After that, all we have to do is pass all the necessary arguments to the pipeline:

  • negative_prompt: PixArt-α does not accept a negative prompt (as far as I know).
  • width and height: The size of the image we have specified or its default value (1024).
  • guidance_scale: The value of CFG that we have specified or its default value (7).
  • num_inference_steps: The steps value we have specified or its default value (20).
  • generator: The generator containing the seed.
  • prompt_embeds, prompt_attention_mask, negative_prompt_embeds and negative_prompt_attention_mask: These values are the ones returned by the text encoder and we had saved to use them here (they are inside the list in this order).
  • num_images_per_prompt: The number of images that are generated at once (batch size). If we optimize for memory usage it does not make sense to change this value.

The pipeline returns a dictionary (images) containing the images already decoded. Since num_images_per_prompt is always going to be 1, we can directly access the single image by images[0]. We save the images to disk.

The results are these:

Using the VAE manually

As I mentioned above, we cannot use the pipeline with the vae=None parameter as it results in an error. If it were possible, we could run the VAE separately as well (or if we don't want to use the abstraction provided by the pipeline).

In this hypothetical scenario, if we use the output_type='latent' parameter in the pipeline, it will return a tensor in the latent space within the images property (don't use [0] here).

  • Python
for generation in queue:
  # generator = ...

  generation['latents'] = pipe(
    # Rest of parameters
    output_type='latent',
  ).images

We cannot clean the tensor and pass it through the VAE in the same loop, since both models would be loaded into memory and we would exceed 8GB of memory. It must be done in two loops.

After finishing the first loop we can remove the transformer since we won't need it anymore (although it seems to be optional).

  • Python
del pipe.transformer
gc.collect()
torch.cuda.empty_cache()

And now, we start the second one that decodes the tensor from the latent space to generate a tensor in the image space:

  • Python
with torch.no_grad():
  for i, generation in enumerate(queue, start=1):
    image = pipe.vae.decode(
      generation['latents'] / pipe.vae.config.scaling_factor,
      return_dict=False,
    )[0]

    image = pipe.image_processor.postprocess(image, output_type='pil')[0]
    image.save(f'image_{i}.png')

Remember that as we saw in the previous article, the VAE scale factor must be taken into account.
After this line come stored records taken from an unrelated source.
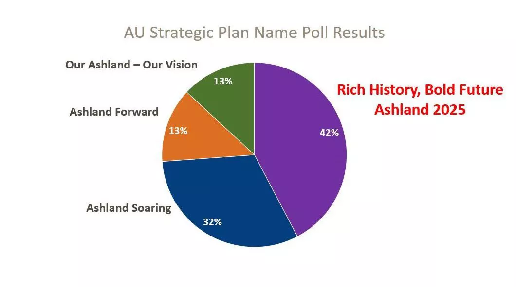 The strategic plan for 2020-2025 is titled Rich History/Bold Future - Ashland 2025. Three themes support our strategic plan: Transformational Experiences, Strategic Growth and Empowered Community.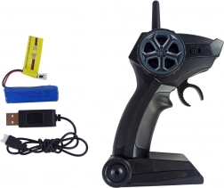 Deux moteurs indépendants et un double gouvernail garantissent une excellente maniabilité et une accélération vive. La batterie Li-ion intégrée 3,7 V / 650 mAh offre jusqu’à 20 minutes de jeu, la recharge prend environ 60 minutes. La télécommande pistolet ergonomique tient parfaitement en main et permet un contrôle précis en avant, en arrière et latéralement.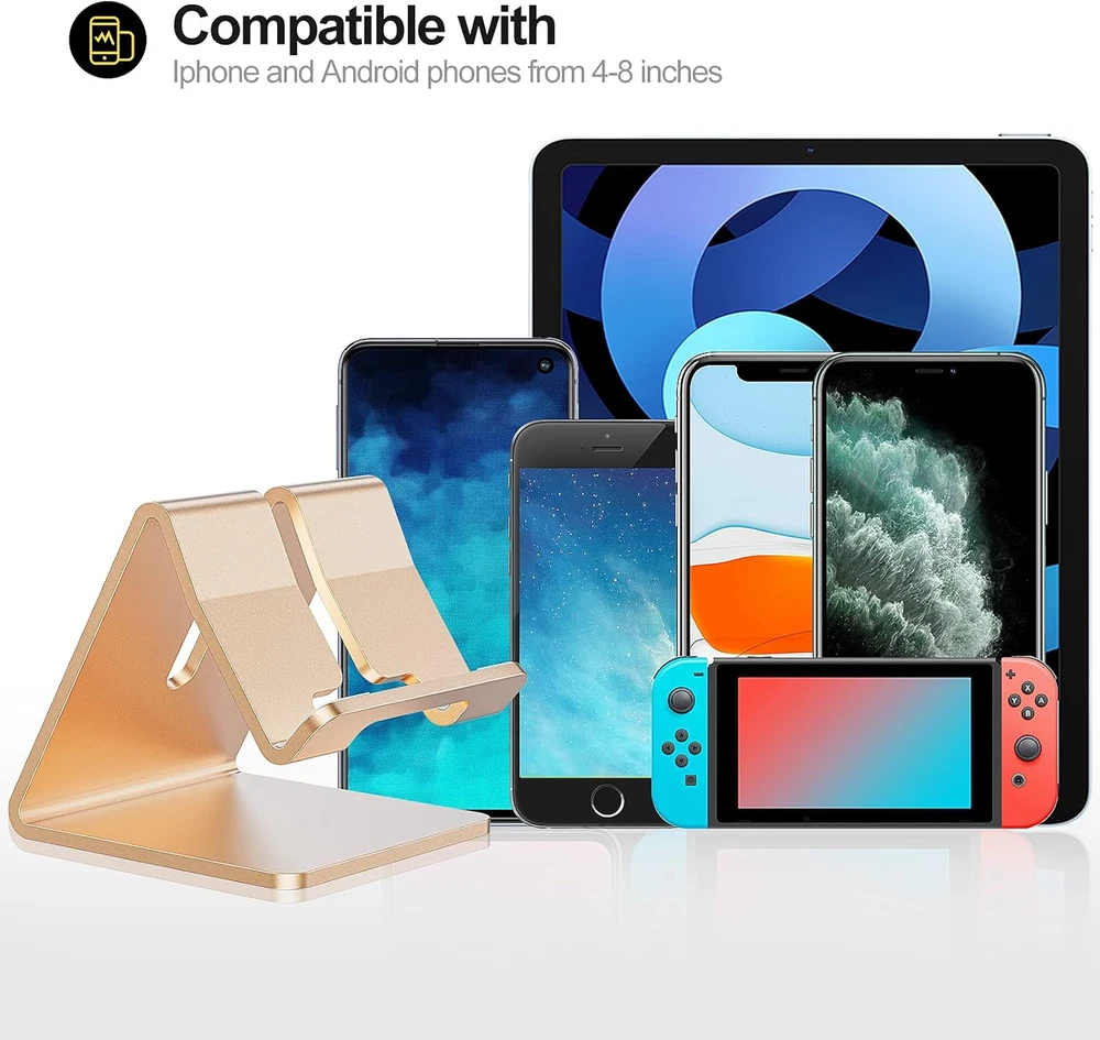 Store New Arrivals Add to Favorite View Feedback Contact Fast deliveries to the customer's home Quality customer service John Make the customers happy! Desk Cell Phone Stand Holder Aluminum Phone Dock Cradle for Iphone 14 13 12 11 Pro Xs Max Xr X 8 7 6 6S plus 5 5S 5C, Office Decor Office Supplies Accessories Desk (Gold) Description Wide Compatibiltity: Compatible with iPhone and Android phones from 4-8 inches, like iPhone 15 14 13 Mini, iPhone 13, iPhone 13 Pro, iPhone 12, 12 Pro, 12 Pro Max, iPhone 11 Pro XS Max XR x 6 6S 7 8 Plus, Huawei, Galaxy S7 S6 S8, Note 6 5, LG, Nexus, although with case. Play a good role in your office, kitchen, nightstand, dining table. Nice office supplies office decor desk decor. Stable and Anti-skid: Made of durable aluminum alloy. Low center of gravity design and Anti-skid pads under the stand make it stable while using your phone on it. Besides, the soft silicone pad on the hook protects your device from scratches and sliding. Suitable Height and Perfect Angle: Appropriate height and perfect viewing angle give you the best experience when you use Facetime and watch YouTube. Perfect for watching videos, viewing pictures and playing games in your home. Hands Free: No need to hold the device all the time. Make your digital life much more convenient in the office, the kitchen, at home or on the dining table. Make Your Life Easier: Using this desktop phone holder at home to prop up your phone, you can better view recipes while cooking. It's also great for on your nightstand, so no more fumbling around in the morning to shut off the alarm. Package contents: Urmust aluminum matte stand*1. Product Description The video showcases the product in use. The video guides you through product setup. The video compares multiple products. The video shows the product being unpacked. Urmust phone stand series Add to Cart Add to Cart Add to Cart Add to Cart Customer Reviews 4.6 out of 5 stars 23,127 4.7 out of 5 stars 1,999 4.6 out of 5 stars 23,127 4.7 out of 5 stars 734 4.4 out of 5 stars 1,667 4.4 out of 5 stars 1,196 Price $9.99 $ 9 . 99 $16.99 $ 16 . 99 $9.99 $ 9 . 99 $14.99 $ 14 . 99 — — Angle adjustable ✘ ✘ ✘ ✔ ✔ ✔ Height adjustable ✘ ✘ ✘ ✔ ✘ ✔ Foldable ✘ ✘ ✘ ✔ ✘ ✘ Fit phone with case ≤0.6 in(1.5cm) ≤0.78 in(2cm) ≤0.78 in(2cm) ≤0.6 in(1.5cm) ≤0.6 in(1.5cm) ≤0.6 in(1.5cm) Compatible with phones and tablets ≤ 9.7'' phones and tablets ≤ 11'' phones and tablets ≤ 9.7'' phones and tablets ≤ 9.7'' phones and tablets ≤ 9.7'' phones and tablets ≤ 9.7'' Other display features Wireless Color A-Gold Form Factor Case Product Dimensions 29.53 x 24.8 x 29.53 inches Country of Origin China Compatible Devices [List of compatible phone models] Item Weight 3 ounces Special features Adjustable Compatible Phone Models function(f) {var _np=(window.P._namespace("DetailPageProductOverviewTemplatesJava"));if(_np.guardFatal){_np.guardFatal(f)(_np);}else{f(_np);}}(function(P) { P.when('A').execute(function(A){ A.on('a:truncate:po-attribute-truncate-4:updated', function(data) { var isTruncated = !data.truncateInstance.getIfTextFits(); var seeMoreElement = document.getElementById('po-attribute-see-more-id-4'); if(seeMoreElement) { seeMoreElement.style.display = isTruncated ? '' : 'none'; } }) }); })); IPhone 15 14 13 12, 12 Pro, 12 Pro Max, iPhone 11, 11 Pro, 11 Pro Max, Xs, Xs Max, XR, X, 8, 7, 7 Plus, 6s, 6s Plus, 6, 6 plus, 5s, 5, Galaxy S9, S8, S8+, S7, S6, S6 Edge S5, S4, S3, Note 5 4, 3, 2, 1, C9 C7 C5 A8 A7 A5 A3 J7 J5 J3, Motorola Moto G Play Z Huawei Honor 5X 6X 8 Mate 9 Mate 8 Asus Zenfone Moto XT1644 ZTE Axon 7 mini P9 P8 LG G5 G4 G3 G2 v10; HTC One M9, M8, M7, Max, Nexus 6, 6P, 5, 4, Sony Xperia Z3, Z2, Z1, Google Pixel Nokia Microsoft Lumia BlackBerry See more Is Discontinued By Manufacturer Yes ABOUT US We offer the best prices around on high quality products. Our E-store includes media such as books, movies, music and games while offering electronics, toys, sporting apparel, clothing, tools, general home, garden items and more. SHIPPING We are always working hard to ensure your package arrives as soon as possible. Please understand that some factors like weather, high postal traffic, and the performance of shipping companies are outside of our control. We offer free shipping to the lower 48 states and ship within 2 business days of payment, usually sooner. We do not accept P.O. Boxes. Please provide a physical address. For shipping outside of the continental USA, we only use eBay's Global Shipping Program. The item is shipped to KY and then sent to the rest of the world. International customers are responsible for all duties and taxes. Continue to 'check out' to calculate costs for shipping the item to your country. Messages regarding eBay's Global Shipping Program MUST be directed at eBay EXCLUSIVELY. RETURNS We offer a 30-Day Return Policy on items in which you are not completely satisfied with. You have the option of a full-refund or an exchange of the item. No returns are available on items shipped outside of the USA PAYMENT We accept PayPal. CONTACT US This page content is yet to come Please ad us to your favorite seller and visit again later Thank You CUSTOMER SATISFACTION We try our very best to make sure every customer is completely satisfied. If there's a problem, message us! We're happy to help. WE ACCEPT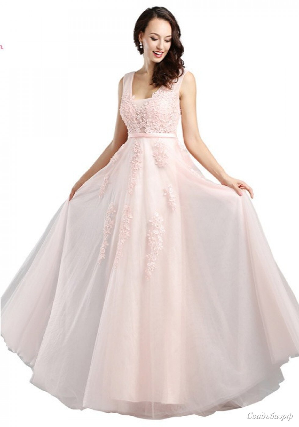 Это легкое и изящное вечернее платье должно быть в гардеробе у каждой девушки. Платье сделано из легкого фатина, расшито дорогим французским кружевом. Благодаря изысканному блеску пайеток, платье имеет легкое мерцание и торжественный вид.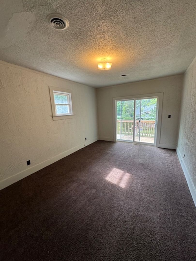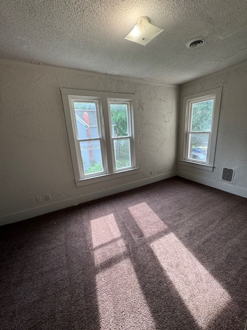 Huge 2 -bedroom upper apartment! Separate entrance, large rooms W/ NEW carpet, balcony, off street parking. Owner does exterior maintenance! Tenant pays elect & gas and billed $40 per month for the water.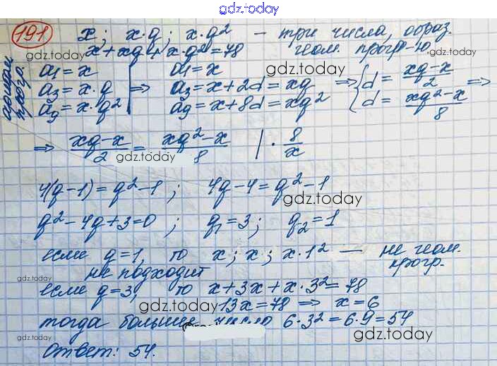 На страницах сайта gdz.today вы найдете учебный и вспомогательный материал, направленный на улучшения знаний школьной программы. ГДЗ - онлайн мир знаний Упражнения 191 Учебнику по Алгебре для 10 класса Колягин, Ткачёва Базовый и углубленный уровень Просвещение 2017

The postprocess method is responsible for converting the tensor into a Pillow image (output_type='pil'). This is the same process we did in the other article using the ToPILImage method from the torchvision library.

Finally we save the image in the same way.

Conclusion

In this article we have stepped out of the Stable Diffusion orbit to explore the architecture of PixArt-α, a quite creative diffusion model that uses different components. And since it's a somewhat demanding model, we have taken advantage of prior knowledge to optimize memory usage by loading the components only when necessary.